Automating RDF Dataset Transformation and Enrichment by Mohamed Sherif

Mohamed SherifWith the adoption of RDF across several domains, come growing requirements pertaining to the completeness and quality of RDF datasets. Currently, this problem is most commonly addressed by manually devising means of enriching an input dataset. The few tools that aim at supporting this endeavour usually focus on supporting the manual definition of enrichment pipelines. In this talk, we present a supervised learning approach based on a refinement operator for enriching RDF datasets. We show how we can use exemplary descriptions of enriched resources to generate accurate enrichment pipelines.
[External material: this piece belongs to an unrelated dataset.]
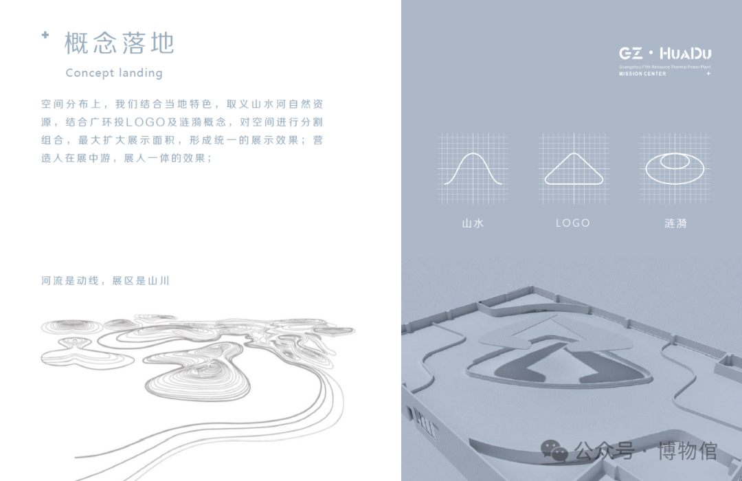空间分布上,我们结合当地特色,取义山水河自然资源,结合广环投LOGO及涟漪概念,对空间进行分割组合,最大扩大展示面积,形成统一的展示效果;营造人在展中游,展人一体的效果;

We evaluate our approach against eight manually defined enrichment pipelines and show that our approach can learn accurate pipelines even when provided with a small number of training examples.
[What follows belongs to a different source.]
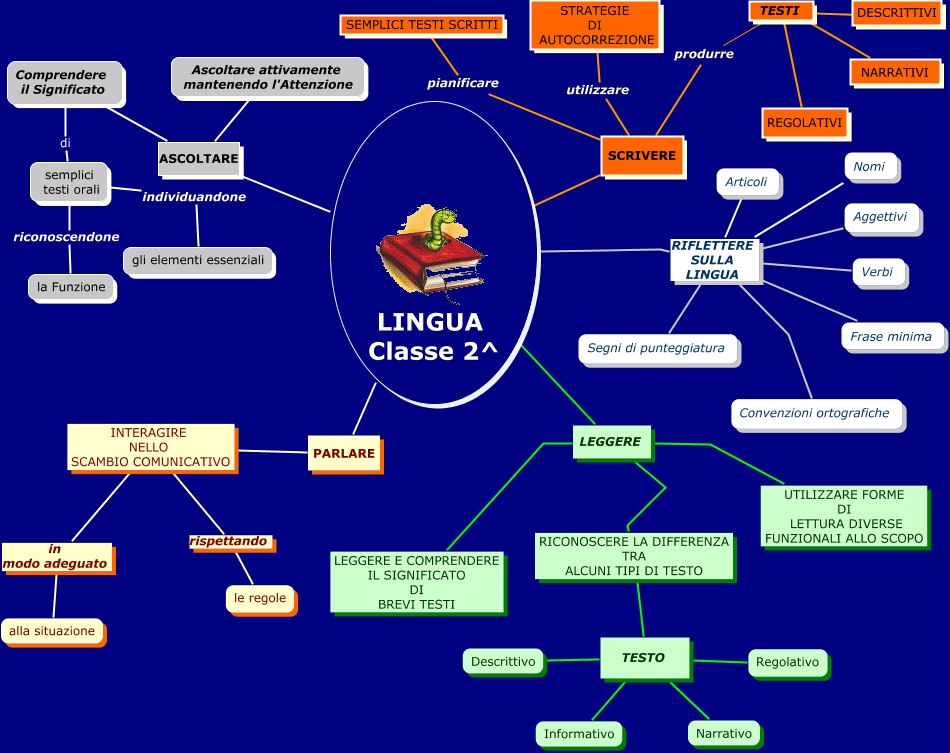 Questa Cmap, creata con IHMC CmapTools, contiene informazioni relative a: Lingua_2, LINGUA Classe 2^ RIFLETTERE SULLA LINGUA Aggettivi, UTILIZZARE FORME DI LETTURA DIVERSE FUNZIONALI ALLO SCOPO LEGGERE LINGUA Classe 2^, Regolativo TESTO RICONOSCERE LA DIFFERENZA TRA ALCUNI TIPI DI TESTO, LINGUA Classe 2^ ???? SCRIVERE, SCRIVERE produrre TESTI, LINGUA Classe 2^ RIFLETTERE SULLA LINGUA Convenzioni ortografiche, SCRIVERE pianificare SEMPLICI TESTI SCRITTI, TESTI ???? DESCRITTIVI, SCRIVERE utilizzare STRATEGIE DI AUTOCORREZIONE, LINGUA Classe 2^ RIFLETTERE SULLA LINGUA Verbi, LINGUA Classe 2^ RIFLETTERE SULLA LINGUA Articoli, Comprendere il Significato di semplici testi orali, Descrittivo TESTO RICONOSCERE LA DIFFERENZA TRA ALCUNI TIPI DI TESTO, LINGUA Classe 2^ PARLARE INTERAGIRE NELLO SCAMBIO COMUNICATIVO, LINGUA Classe 2^ ASCOLTARE Ascoltare attivamente mantenendo l'Attenzione, semplici testi orali individuandone gli elementi essenziali, INTERAGIRE NELLO SCAMBIO COMUNICATIVO rispettando le regole, LINGUA Classe 2^ ASCOLTARE Comprendere il Significato, TESTI ???? REGOLATIVI, Narrativo TESTO RICONOSCERE LA DIFFERENZA TRA ALCUNI TIPI DI TESTO

Structured Machine Learning in Life Science (PhD progress report) by Patrick Westphal

Patrick WestphalThe utilization of machine learning techniques to solve life science tasks has become widespread within the last years. Mainly working on unstructured data one question is whether such techniques could benefit from the provision of structured background knowledge. One prevalent way to express background knowledge in the life sciences is the Web Ontology Language (OWL). Accordingly there is a great variety of different domain ontologies covering anatomy, genetics, biological processes or chemistry that can be used to form structured machine learning approaches in the life science domain. The talk will give a brief overview of tasks and problems of structured machine learning in life science. Besides the special characteristics observed when applying the state-of-the-art concept learning approaches to life science tasks, a short description of the actual differences to concept learning setups in other domains is given. Further, some directions for machine learning based techniques are shown that could support concept learning in life science tasks.

About the AKSW Colloquium

This event is part of a series of events about Semantic Web technology. Please see http://wiki.aksw.org/Colloquium for further information about previous and future events. As always, Bachelor and Master students are able to get points for attendance and there is complimentary coffee and cake after the session.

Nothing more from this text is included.